Part of Advances in Neural Information Processing Systems 17 (NIPS 2004)

*Jennifer Listgarten, Radford Neal, Sam Roweis, Andrew Emili*

Multiple realizations of continuous-valued time series from a stochastic process often contain systematic variations in rate and amplitude. To leverage the information contained in such noisy replicate sets, we need to align them in an appropriate way (for example, to allow the data to be properly combined by adaptive averaging). We present the Continuous Profile Model (CPM), a generative model in which each observed time series is a non-uniformly subsampled version of a single latent trace, to which local rescaling and additive noise are applied.

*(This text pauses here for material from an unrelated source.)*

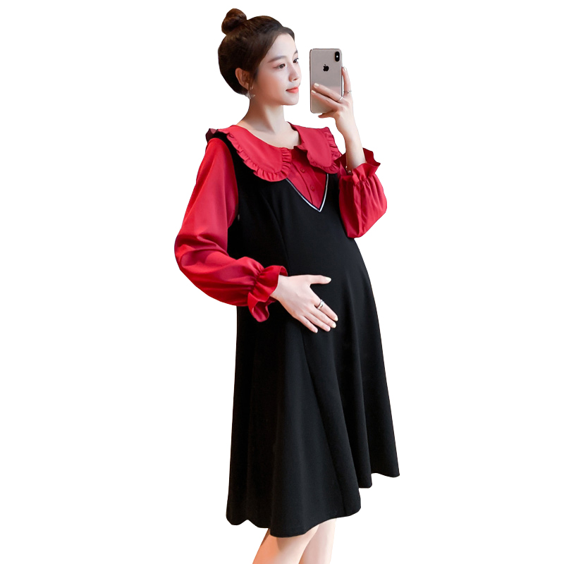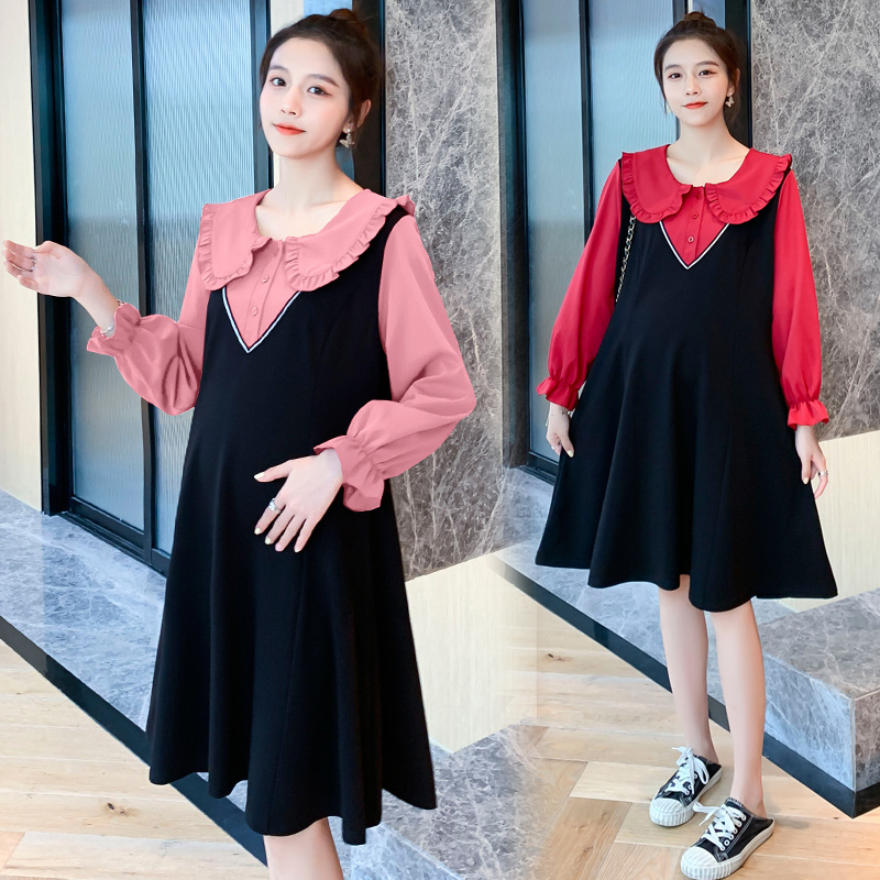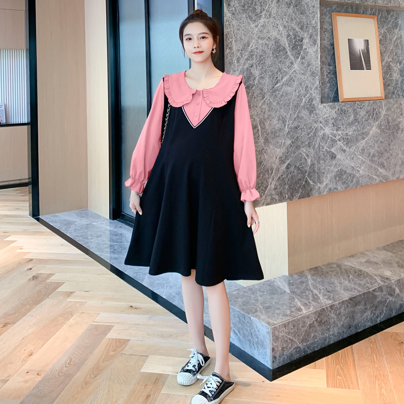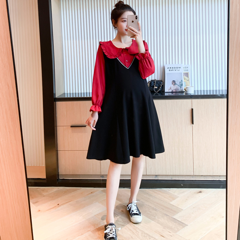 2022 Spring loaded new pregnant women's foreign dress The long version out of the house fake two dolls collar laced black dresses large size

After unsupervised training, the learned trace represents a canonical, high resolution fusion of all the replicates. As well, an alignment in time and scale of each observation to this trace can be found by inference in the model. We apply CPM to successfully align speech signals from multiple speakers and sets of Liquid Chromatography-Mass Spectrometry proteomic data.

1 A Profile Model for Continuous Data

When observing multiple time series generated by a noisy, stochastic process, large sys- tematic sources of variability are often present. For example, within a set of nominally replicate time series, the time axes can be variously shifted, compressed and expanded, in complex, non-linear ways. Additionally, in some circumstances, the scale of the mea- sured data can vary systematically from one replicate to the next, and even within a given replicate.

We propose a Continuous Profile Model (CPM) for simultaneously analyzing a set of such time series. In this model, each time series is generated as a noisy transformation of a single latent trace. The latent trace is an underlying, noiseless representation of the set of replicated, observable time series. Output time series are generated from this model by moving through a sequence of hidden states in a Markovian manner and emitting an observable value at each step, as in an HMM. Each hidden state corresponds to a particular location in the latent trace, and the emitted value from the state depends on the value of the latent trace at that position. To account for changes in the amplitude of the signals across and within replicates, the latent time states are augmented by a set of scale states, which control how the emission signal will be scaled relative to the value of the latent trace. During training, the latent trace is learned, as well as the transition probabilities controlling the Markovian evolution of the scale and time states and the overall noise level of the

observed data. After training, the latent trace learned by the model represents a higher resolution 'fusion' of the experimental replicates. Figure 1 illustrate the model in action.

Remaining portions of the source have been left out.